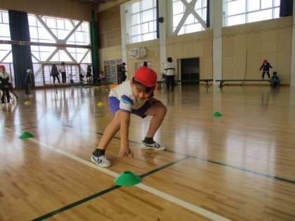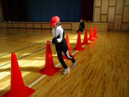 1つ目の運動はジグザグ走です。前半は、左右に置かれたマーカーにタッチして前進します。後半は、カラーコーンの間を走って戻ってきます。
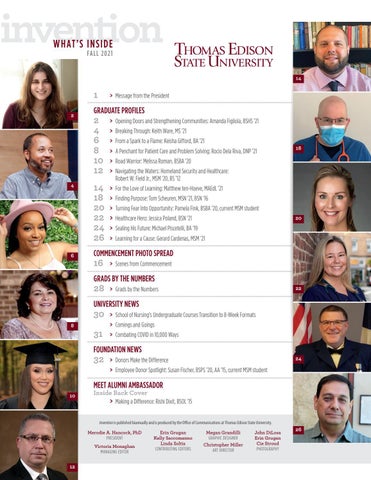 Inside Back Cover > Making a Difference: Rishi Dixit, BSOL ’15 Invention is published biannually and is produced by the Office of Communications at Thomas Edison State University. Merodie A. Hancock, PhD PRESIDENT Victoria Monaghan MANAGING EDITOR
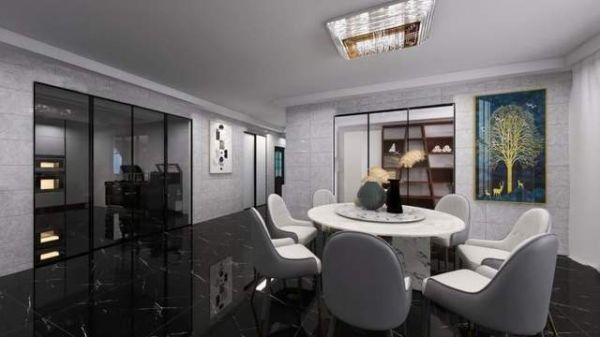 宽阔舒的餐厅空间,以简单而又明快的线条,整体色调以白、灰、黑三色为主,三种颜色的交织设计,给人内敛沉稳的视觉感。大气的圆餐桌在暖色灯光折射下冷暖相宜。精致的线条搭配,散发出空间独特的气质。
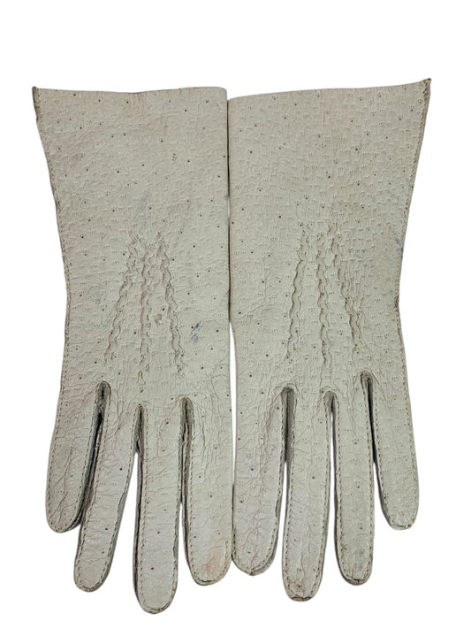 Size 6.5 Vintage Genuine Peccary Pigskin Leather Gloves Off White
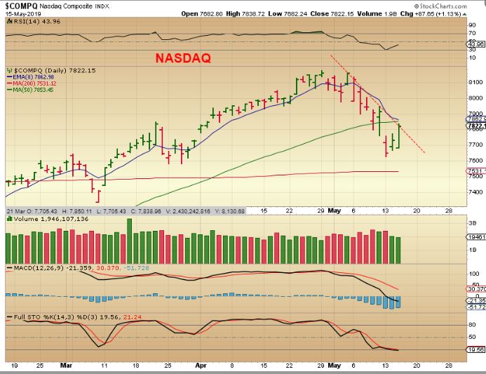 NASDAQ – We have the same thing on the NASDAQ, SOX, DJIA, etc., except that the DOw sits right on the 200sma, and the SOX is stronger, hugging the 50sma underside. Again, WE ARE CLOSE.
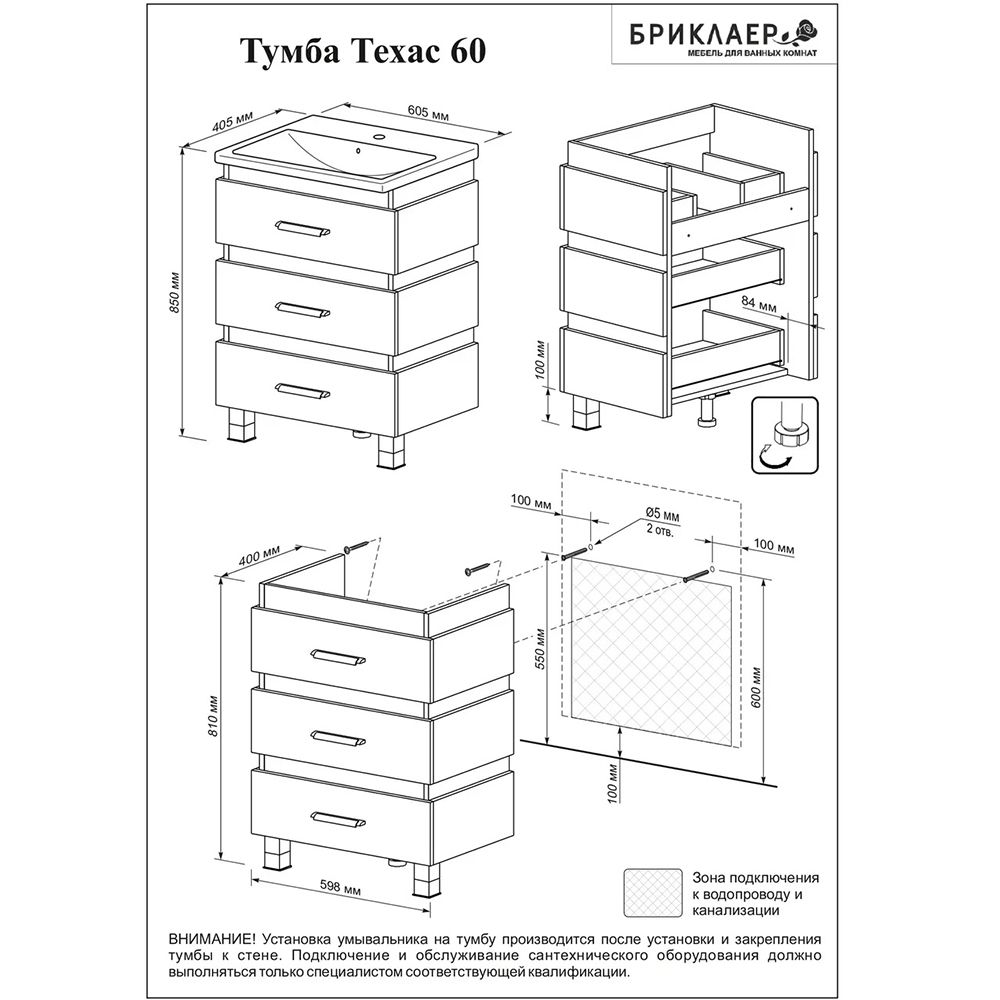 Тумба под раковину Бриклаер Техас 4627125412653 60 см кантри/венге

· · · ·

**AIM OF THE EXERCISE**
Reproduce the full listing faithfully, but do not carry over any pictures.

**RESPONSE AREA**
 1つ目の運動はジグザグ走です。前半は、左右に置かれたマーカーにタッチして前進します。後半は、カラーコーンの間を走って戻ってきます。
 Inside Back Cover > Making a Difference: Rishi Dixit, BSOL ’15 Invention is published biannually and is produced by the Office of Communications at Thomas Edison State University. Merodie A. Hancock, PhD PRESIDENT Victoria Monaghan MANAGING EDITOR
 宽阔舒的餐厅空间,以简单而又明快的线条,整体色调以白、灰、黑三色为主,三种颜色的交织设计,给人内敛沉稳的视觉感。大气的圆餐桌在暖色灯光折射下冷暖相宜。精致的线条搭配,散发出空间独特的气质。
 Size 6.5 Vintage Genuine Peccary Pigskin Leather Gloves Off White
 NASDAQ – We have the same thing on the NASDAQ, SOX, DJIA, etc., except that the DOw sits right on the 200sma, and the SOX is stronger, hugging the 50sma underside. Again, WE ARE CLOSE.
 Тумба под раковину Бриклаер Техас 4627125412653 60 см кантри/венге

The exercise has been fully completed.